| TO DO |
Taking only the lines of the data below from the line with "在广西南宁市上林县的一家水产" to the line with "An impressive 2", ends included, write them out exactly and without pictures.

| DATA LISTING |
........
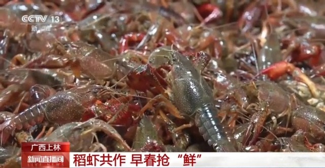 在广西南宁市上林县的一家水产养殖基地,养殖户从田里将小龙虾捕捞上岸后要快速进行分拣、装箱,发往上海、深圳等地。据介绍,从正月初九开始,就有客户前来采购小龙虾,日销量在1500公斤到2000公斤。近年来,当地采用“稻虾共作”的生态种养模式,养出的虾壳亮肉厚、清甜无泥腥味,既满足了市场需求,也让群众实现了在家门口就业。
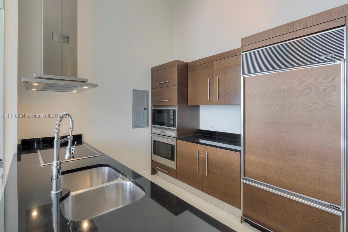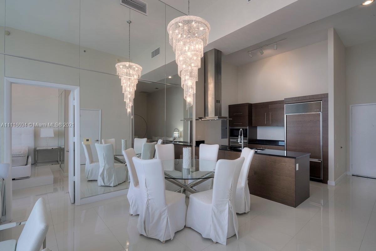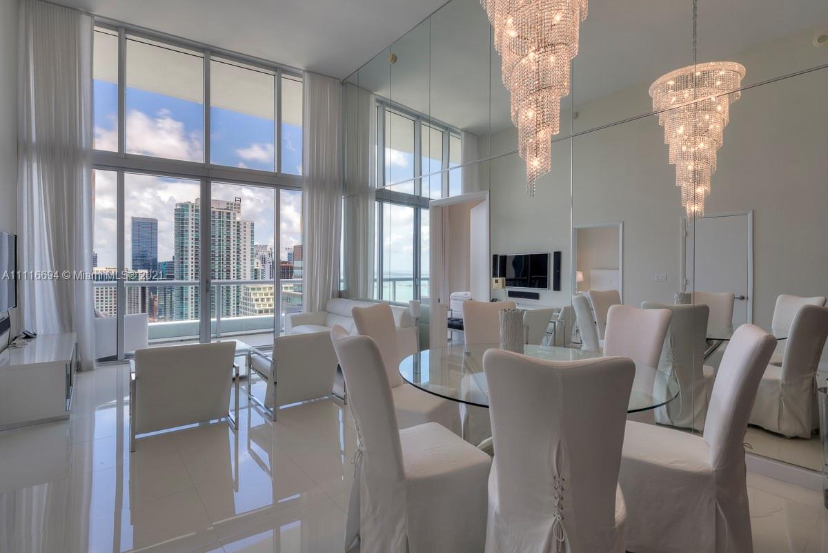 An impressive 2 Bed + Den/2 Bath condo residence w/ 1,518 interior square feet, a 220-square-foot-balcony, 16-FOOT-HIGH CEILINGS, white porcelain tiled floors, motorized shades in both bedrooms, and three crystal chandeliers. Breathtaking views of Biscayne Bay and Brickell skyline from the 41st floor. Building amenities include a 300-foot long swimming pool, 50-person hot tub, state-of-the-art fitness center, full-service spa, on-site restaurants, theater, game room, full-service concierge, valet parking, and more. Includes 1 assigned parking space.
........
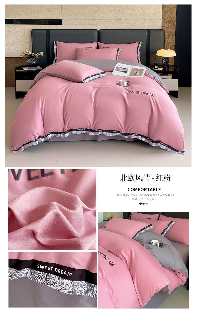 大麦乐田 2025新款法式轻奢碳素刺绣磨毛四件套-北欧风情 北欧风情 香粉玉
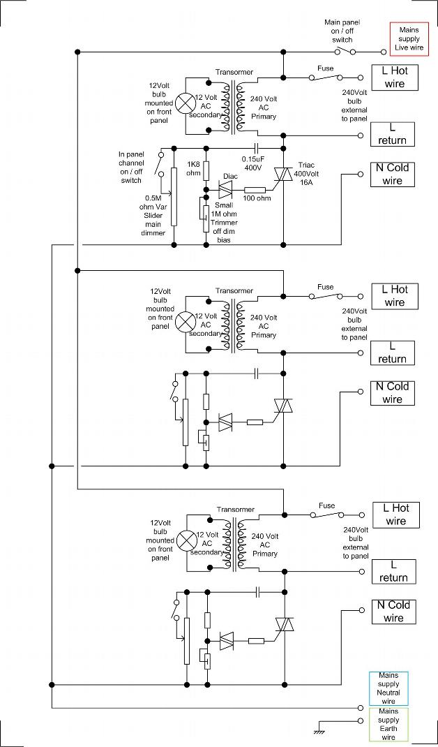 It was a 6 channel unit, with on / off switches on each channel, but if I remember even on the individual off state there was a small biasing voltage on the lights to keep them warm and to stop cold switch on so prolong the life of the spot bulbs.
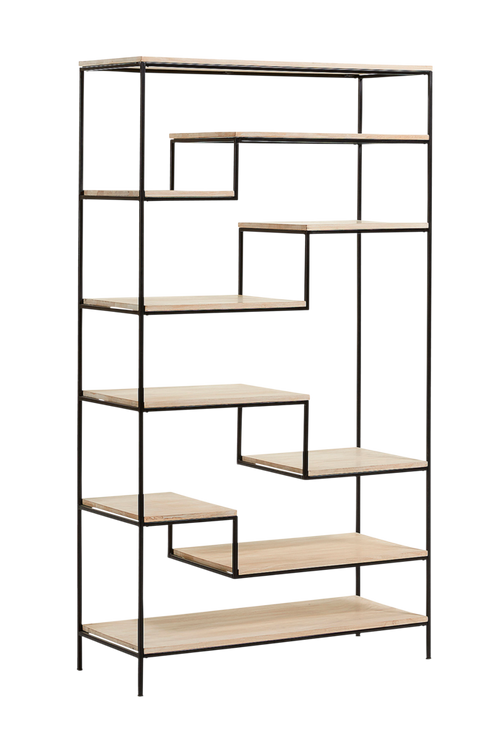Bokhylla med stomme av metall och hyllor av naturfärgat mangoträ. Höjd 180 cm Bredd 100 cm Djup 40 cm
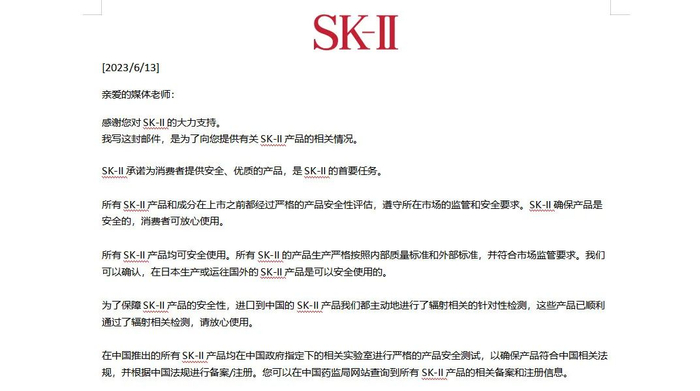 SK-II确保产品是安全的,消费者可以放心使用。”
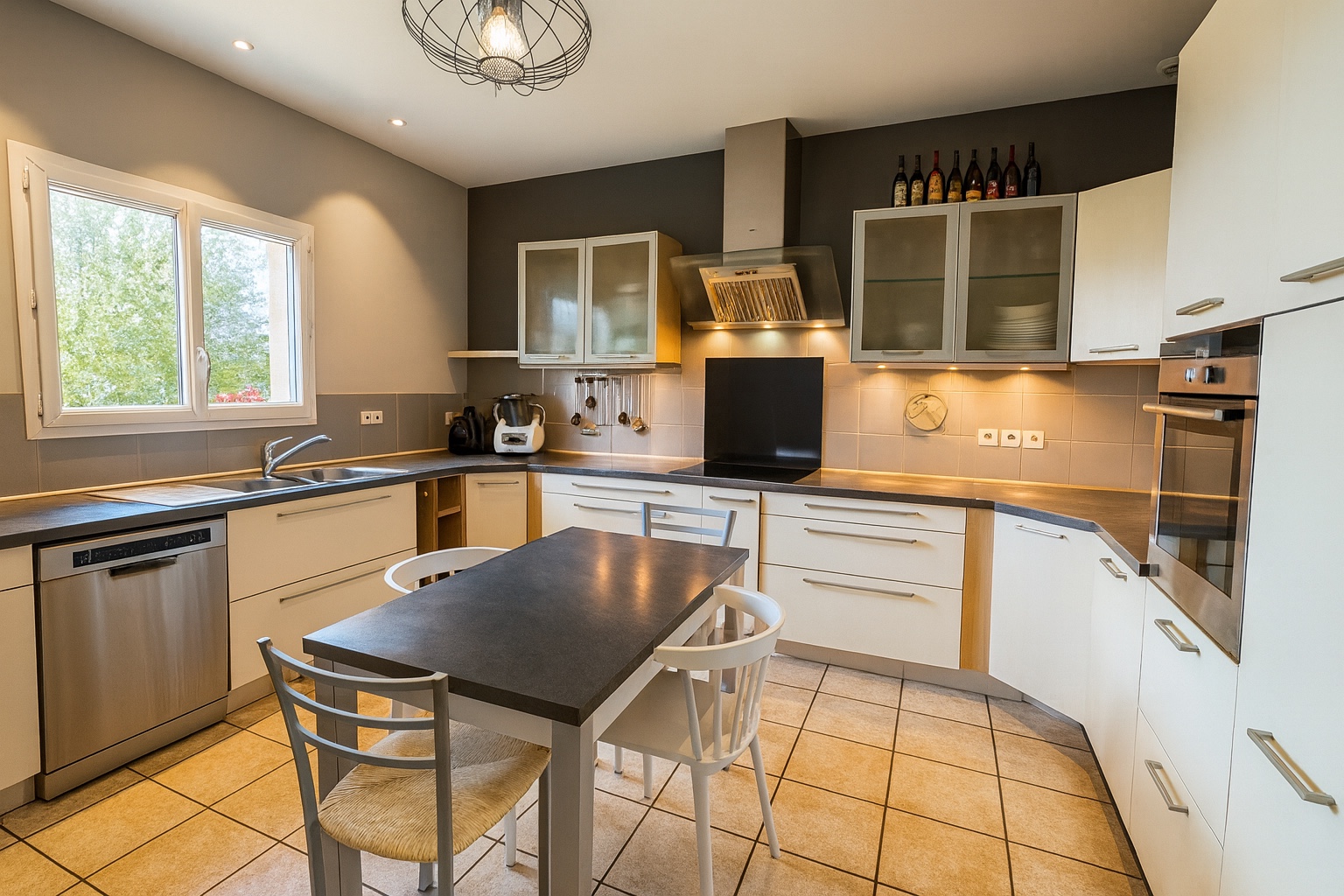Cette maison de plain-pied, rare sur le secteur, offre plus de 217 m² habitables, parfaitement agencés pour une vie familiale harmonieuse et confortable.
........
| OUTPUT OF THE TASK |
 在广西南宁市上林县的一家水产养殖基地,养殖户从田里将小龙虾捕捞上岸后要快速进行分拣、装箱,发往上海、深圳等地。据介绍,从正月初九开始,就有客户前来采购小龙虾,日销量在1500公斤到2000公斤。近年来,当地采用“稻虾共作”的生态种养模式,养出的虾壳亮肉厚、清甜无泥腥味,既满足了市场需求,也让群众实现了在家门口就业。
 An impressive 2 Bed + Den/2 Bath condo residence w/ 1,518 interior square feet, a 220-square-foot-balcony, 16-FOOT-HIGH CEILINGS, white porcelain tiled floors, motorized shades in both bedrooms, and three crystal chandeliers. Breathtaking views of Biscayne Bay and Brickell skyline from the 41st floor. Building amenities include a 300-foot long swimming pool, 50-person hot tub, state-of-the-art fitness center, full-service spa, on-site restaurants, theater, game room, full-service concierge, valet parking, and more. Includes 1 assigned parking space.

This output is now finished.